In[34]: logistic.predict_proba(x)
Out[34]:
array([[ 0.9837306 , 0.0162694 ],
[ 0.96407227, 0.03592773],
[ 0.97647105, 0.02352895],
[ 0.95654126, 0.04345874],
[ 0.98534488, 0.01465512],
[ 0.98086592, 0.01913408],
R codes.
> str(irisdf)
'data.frame': 100 obs. of 5 variables:
$ Sepal.Length: num 5.1 4.9 4.7 4.6 5 5.4 4.6 5 4.4 4.9 ...
$ Sepal.Width : num 3.5 3 3.2 3.1 3.6 3.9 3.4 3.4 2.9 3.1 ...
$ Petal.Length: num 1.4 1.4 1.3 1.5 1.4 1.7 1.4 1.5 1.4 1.5 ...
$ Petal.Width : num 0.2 0.2 0.2 0.2 0.2 0.4 0.3 0.2 0.2 0.1 ...

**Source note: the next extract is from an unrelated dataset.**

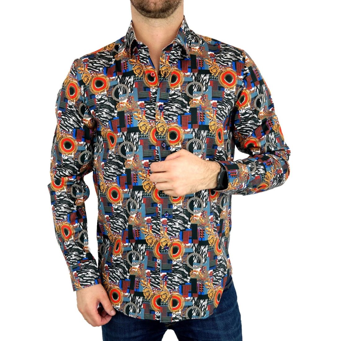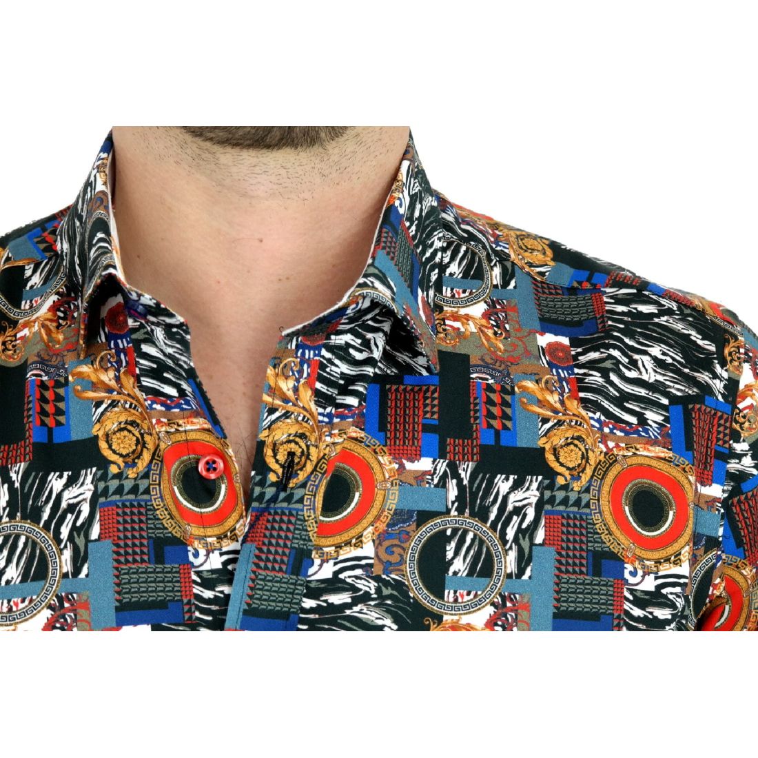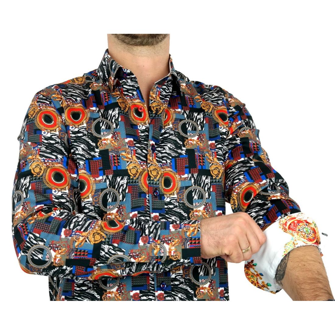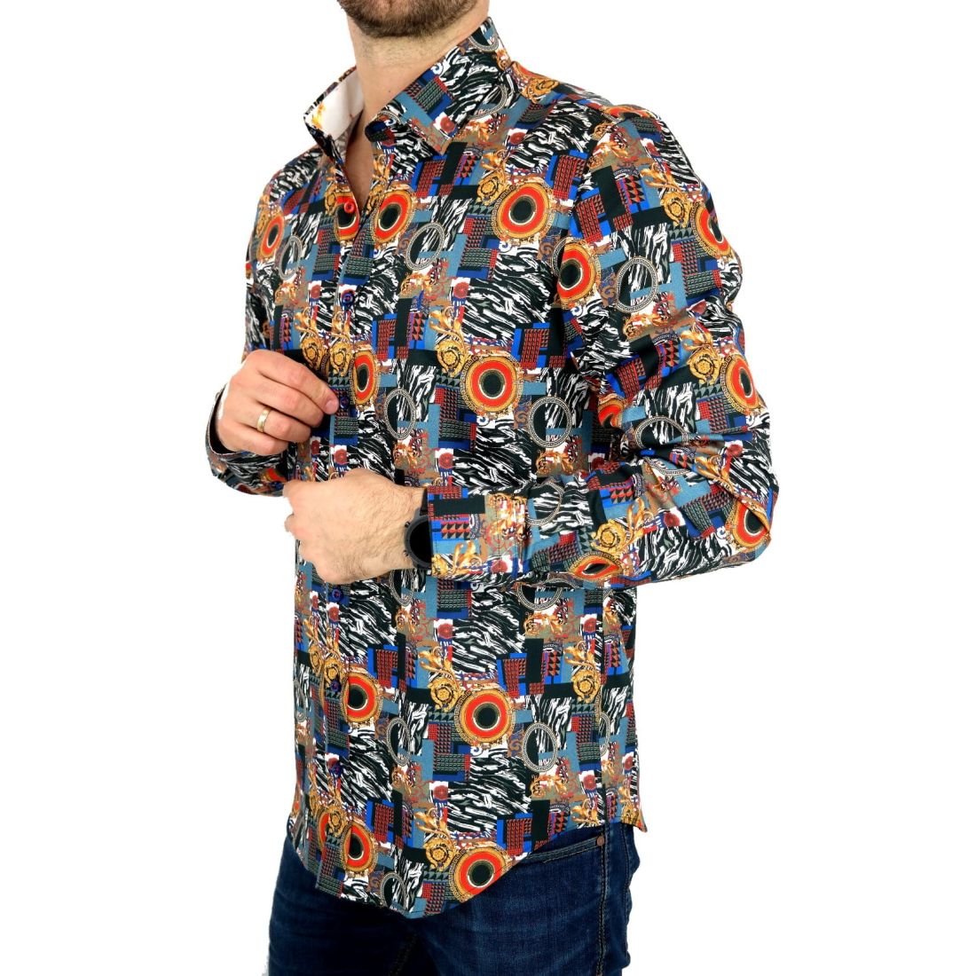 DANIEL BESSI Koszula męska fb601 kolorowa ekskluzywna zebra złoto

$ Species : int 0 0 0 0 0 0 0 0 0 0 ...
> model <- glm(Species ~ ., data = irisdf, family = binomial)
Warning messages:
1: glm.fit: algorithm did not converge
2: glm.fit: fitted probabilities numerically 0 or 1 occurred
> summary(model)
Call:
glm(formula = Species ~ ., family = binomial, data = irisdf)
Deviance Residuals:
Min 1Q Median 3Q Max
-1.681e-05 -2.110e-08 0.000e+00 2.110e-08 2.006e-05
Coefficients:
Estimate Std. Error z value Pr(>|z|)
(Intercept) 6.556 601950.324 0 1
Sepal.Length -9.879 194223.245 0 1
Sepal.Width -7.418 92924.451 0 1
Petal.Length 19.054 144515.981 0 1
Petal.Width 25.033 216058.936 0 1
(Dispersion parameter for binomial family taken to be 1)
Null deviance: 1.3863e+02 on 99 degrees of freedom
Residual deviance: 1.3166e-09 on 95 degrees of freedom
AIC: 10
Number of Fisher Scoring iterations: 25
Due to convergence problem,i increased the maximum iteration and gave epsilon as 0.05.
> model <- glm(Species ~ ., data = irisdf, family = binomial,control = glm.control(epsilon=0.01,trace=FALSE,maxit = 100))
> summary(model)
Call:
glm(formula = Species ~ ., family = binomial, data = irisdf,
control = glm.control(epsilon = 0.01, trace = FALSE, maxit = 100))
Deviance Residuals:
Min 1Q Median 3Q Max
-0.0102793 -0.0005659 -0.0000052 0.0001438 0.0112531
Coefficients:
Estimate Std. Error z value Pr(>|z|)
(Intercept) 1.796 704.352 0.003 0.998
Sepal.Length -3.426 215.912 -0.016 0.987
Sepal.Width -4.208 123.513 -0.034 0.973
Petal.Length 7.615 159.478 0.048 0.962
Petal.Width 11.835 285.938 0.041 0.967
(Dispersion parameter for binomial family taken to be 1)
Null deviance: 1.3863e+02 on 99 degrees of freedom
Residual deviance: 5.3910e-04 on 95 degrees of freedom
AIC: 10.001
Number of Fisher Scoring iterations: 12
#R scores..
> scores = predict(model, newdata = irisdf, type = "response")
> head(scores,5)
1 2 3 4 5
2.844996e-08 4.627411e-07 1.848093e-07 1.818231e-06 2.631029e-08
Both the scores,intercept and coefficients are completely different in R and python.Which one is correct and I want to proceed in python.Now having confusion which results are accurate.